RE: [PATCH 3/3] ghes_edac: add platform check to enable ghes_edac

From: Luck, Tony
Date: Wed Jul 19 2017 - 11:14:40 EST


> "The module number of the memory error location. (NODE, CARD, and MODULE
> should provide the information necessary to identify the failing FRU)."
>
> So this tuple is sufficient to pinpoint the DIMM, IIUC.
>
> Which means, ghes_edac can have a single layer of DIMMs without channels.
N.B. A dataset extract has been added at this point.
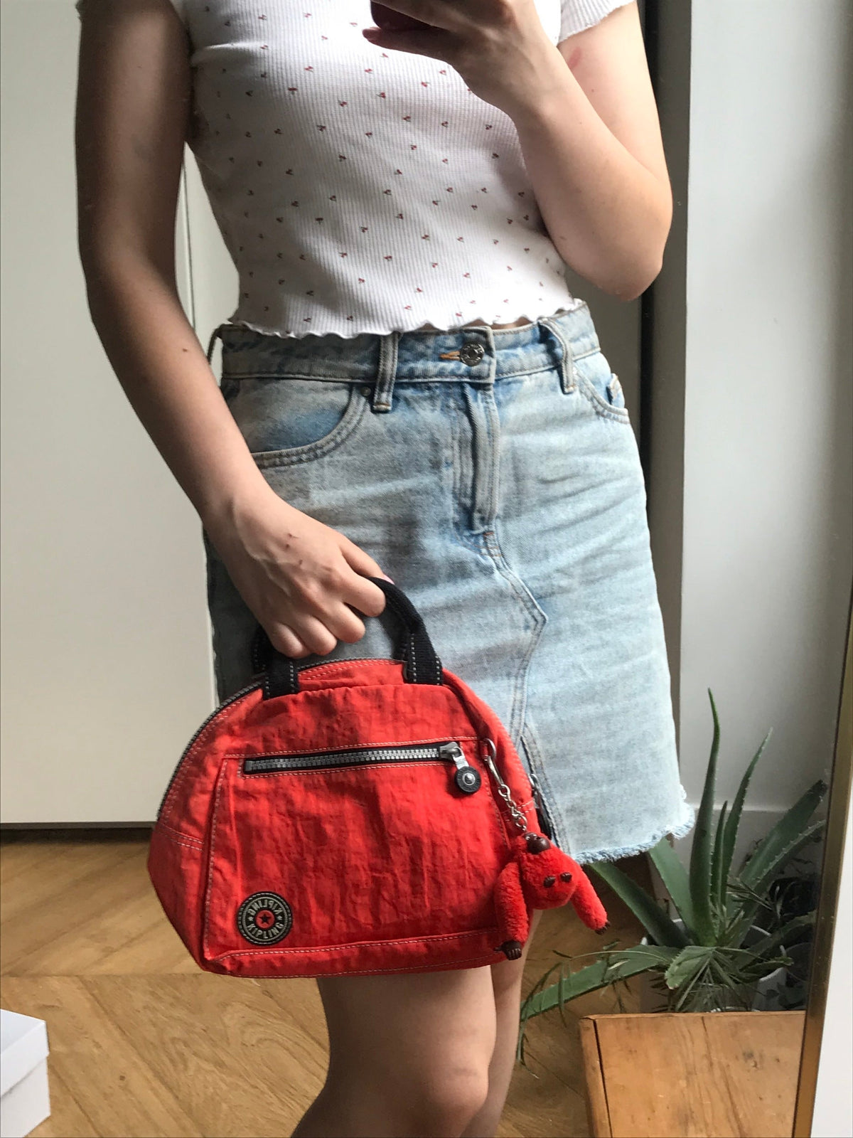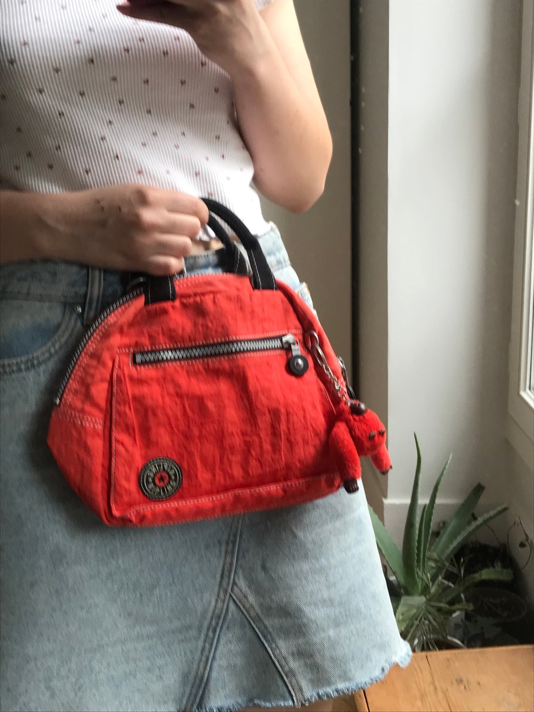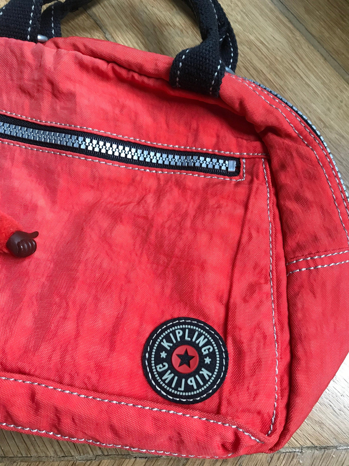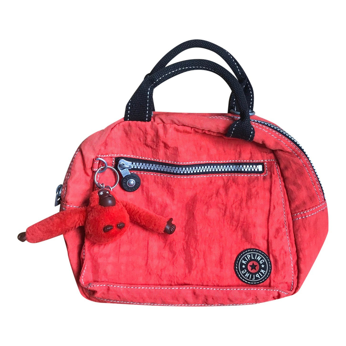 Prix unitaire parSac à main en toile imperméable (tissu nylon froissé), de couleur rouge orangé avec zips. De la marque "Kipling" (casual-styled). Détails noir et pochettes intérieurs. Vient avec son porte-clef en forme de singe poilu, accessoire mythique de la marque phare des années 90s/2000s.

The tricky part is that you have to rely on SMBIOS/DMI to know what DIMMs are
on the system when the driver initializes so you can populate /sys/.*/edac

Later when GHES gives you a NODE/CARD/MODULE) in an error record. You need
to match these up. But SMBIOS only gave you two strings "Locator" and "Bank
Locator" which have no defined syntax. You are at the mercy of the BIOS writer
to put in something parseable. Some writers used zero based counts, others are
Fortran fans and use one-based. Still other use letters. About the one guarantee
is that they will make almost no effort to match the silkscreen labels on the motherboard
itself.

E.g. my Broadwell-EX has things like:

Locator: CHANNEL D DIMM 1
Bank Locator: Memriser8

Channel is A,B,C,D. DIMM is 0, 1, 2. Memriser is {1..8} so this manages to use all
three counting options!

-Tony